= Resources of a Resource =

XML format for describing common website objects to search engines

Resources of a Resource (ROR) is an XML format for describing the content of an internet resource or website in a generic fashion so this content can be better understood by search engines, spiders, web applications, etc. The ROR format provides several pre-defined terms for describing objects like sitemaps, products, events, reviews, jobs, classifieds, etc. The format can be extended with custom terms.

RORweb.com is the official website of ROR; the ROR format was created by AddMe.com as a way to help search engines better understand content and meaning. Similar concepts, like Google Sitemaps and Google Base, have also been developed since the introduction of the ROR format.

ROR objects are placed in an ROR feed called ror.xml. This file is typically located in the root directory of the resource or website it describes.
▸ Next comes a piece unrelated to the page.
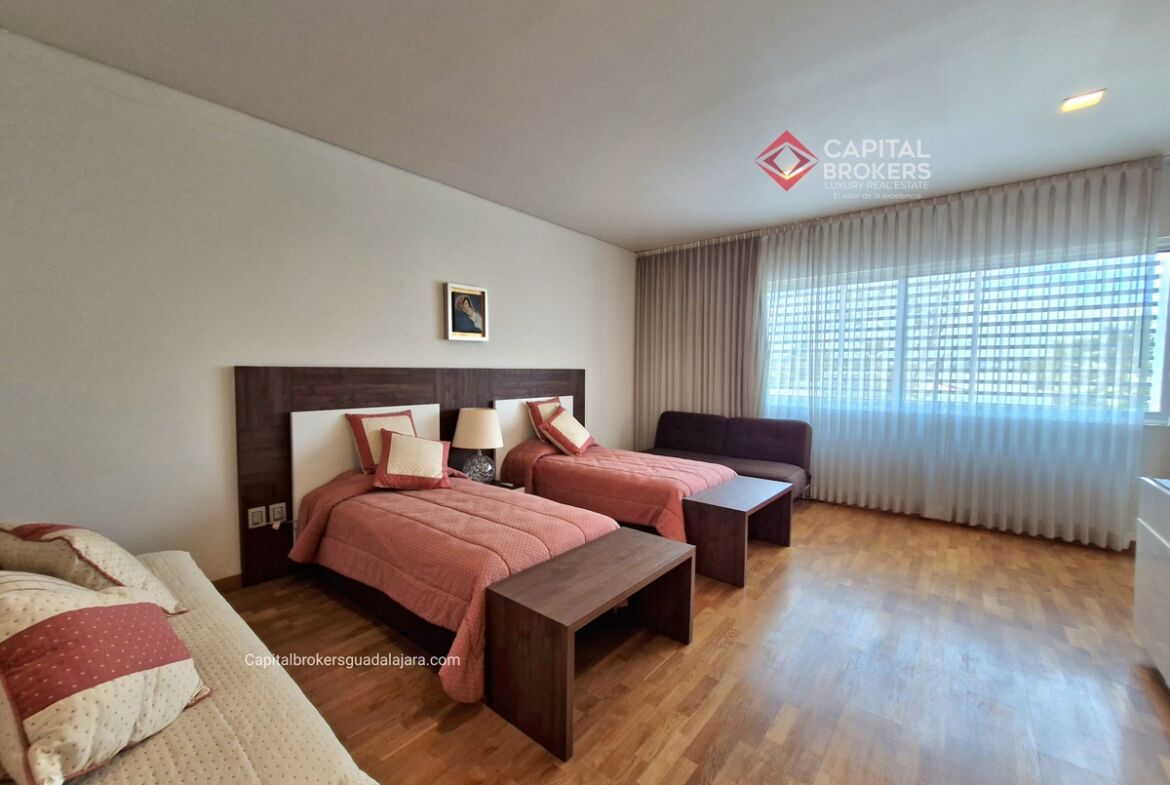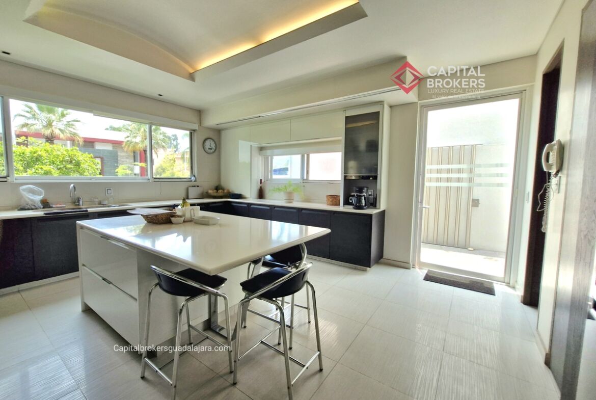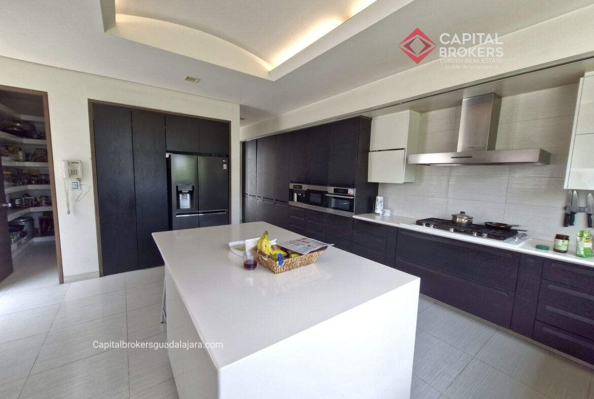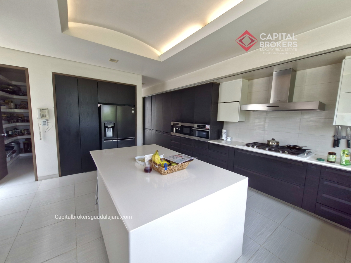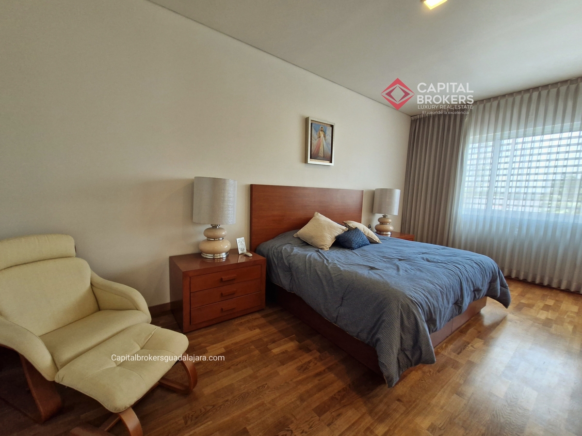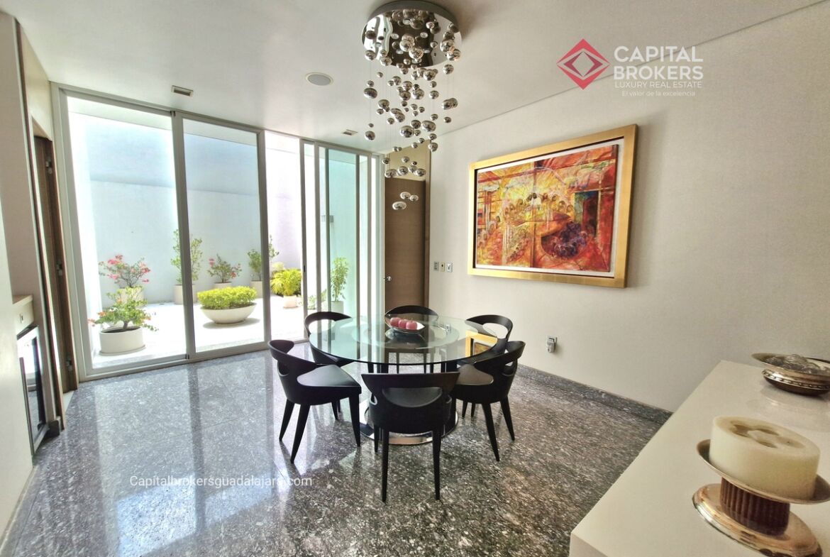 Planta Baja cuenta con estudio/oficina , Recamara Principal con walking closet y baño completo, Jardín , Terraza, Sala y comedor, antecomedor, cocina. 1/2 baño de visitas. Planta Alta: 3 recamaras, 2 de ellas con su baño completo y closet. 4ta recamara con closet y terraza., un estudio y terraza Sótano cochera para 8 autos, bodegas y cuarto de servicio con baño completo

When a search engine like Google or Yahoo searches the web to determine how to categorize content, the ROR feed allows the search engines "spider" to quickly identify all the content and attributes of the website.

This has three main benefits:

1. It allows the spider to correctly categorize the content of the website into its engine.
2. It allows the spider to extract very detailed information about the objects on a website (sitemaps, products, events, reviews, jobs, classifieds, etc.)
3. It allows the website owner to optimize his site for inclusion of its content into the search engines.